I do fruit in a number of ways......
Just as it comes, squish it and heat it to release juice then WB it, I use it for whatever I need at the time including making jam at a later date.
In a syrup to eat as a dessert etc WB
As a thick syrup with very little sugar. WB
As jam or a sugary syrup. (for hubby) WB or if jam and for use within 6 months the old fashioned way (Aussie way still) hot jam, hot jars, and a cellophane cover.


----------



## kappydell (Nov 27, 2011)

Jellies are tricky, they set softer with less sugar.  Freezer jams are OK with less sugar...we used to make them all the time for diabetic family members. Fruit butters are essentially purees, cooked down until spreadable, and can be done without sugar at all - another godsend in years past for diabetics. 

Low Sugar Raspberry Freezer Jam
4 cups raspberries, crushed
1 1/2 cups (or less) granulated sugar
1 packet Ball Instant Fruit Pectin 
1. Stir sugar and pectin in a bowl.
2. Add crushed fruit. Stir 3 minutes.
3. Ladle jam into clean jars and let stand 30 minutes. Enjoy.
NOTE: Freeze for up to one year. Refrigerate for up to three weeks.
Serving Size: Makes 40 2-tablespoon servings or 5 8-ounce containers

low sugar muscadine (grape) jelly
This is a no sugar added jelly that is a little softer set than sugar added jellies.
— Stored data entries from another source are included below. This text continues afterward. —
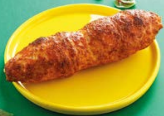
СОСИСКА В ТЕСТЕ 240Р Sausage in pastry 150 г
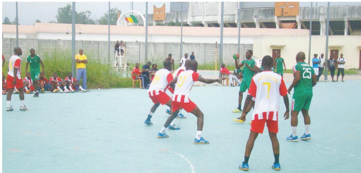
Une des rencontres de l'Inter club

De l'autre côté, version féminine, Abo-Sport affûte également ses armes pour la même compétition. Une série des
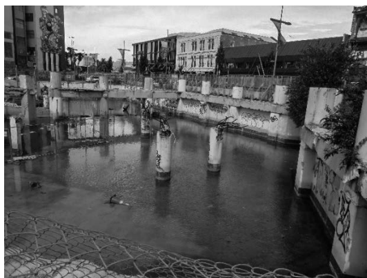
写真 14 被災した建物の遺構

多数の死傷者が発生させた。クライストチャーチ国際空港も管制塔が崩れるなどの被害を受け一時閉鎖された。
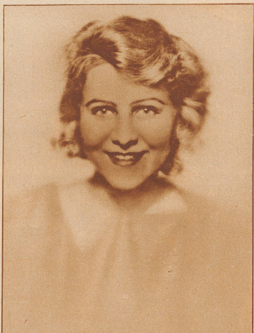
E. Biber, Berlin

Benützen Sie in Ihrem eigenen Interesse für Ihre Insertionen die Zürcher Illustrierte

It has a great fruit taste. It uses artificial sweetener, which you can cut back to taste. 
Minutes to Prepare: 15
Minutes to Cook: 45
5 1/2 cups Muscadine juice
1 1.75 oz. package Sure Jell (no sugar needed style)
3.5 cups Splenda
3/4 cup water 
Prepare jelly jars and lids by washing them in hot soapy water. Use a canner or large stock pot with a dish towel in the bottom and place the jars in boiling water. Lower the water to a bare simmer and leave till ready to use. This will be the same pot and water you will use to water bath the jelly. Wash the rings and lids and put them in a small sauce pan with boiling water and turn off the heat.
Pour juice into a 6 qt. pot, add the water and Sure Jell. Bring to a full rolling boil and boil for 1 minute. Stir constantly with a wooden spoon. Remove from heat and add the Splenda. Skim foam and ladle into prepared jelly jars. Fill jars to within 1/8" of the tops. Wipe rims with a damp clean cloth and seal with lids and rings. Tighten rings. Process in a boiling water bath with 1" - 2" water covering jars. Process for 5 minutes. Remove from water bath and place the jars in a draft free place on a tea towel and let cool. When jelly is cool check for sealing by pressing on the center of the lids. If the lid will press down and pop back up it did not seal properly and needs to be kept in refrigeration. Unopened jelly will keep for about 1 year in a cool dry place. Makes 6 1/2 - 7 cups of jelly . Serving size is 1 teaspoon.


----------



## jeff47041 (Jan 5, 2013)

I'm so glad you guys are talking about this today. I just picked grapes and am going to make grape jelly for the first time.
I want to make some of it for my brother, who is diabetic. I went to the store yesterday and bought both splenda and stevia. But I wasn't sure how to do it.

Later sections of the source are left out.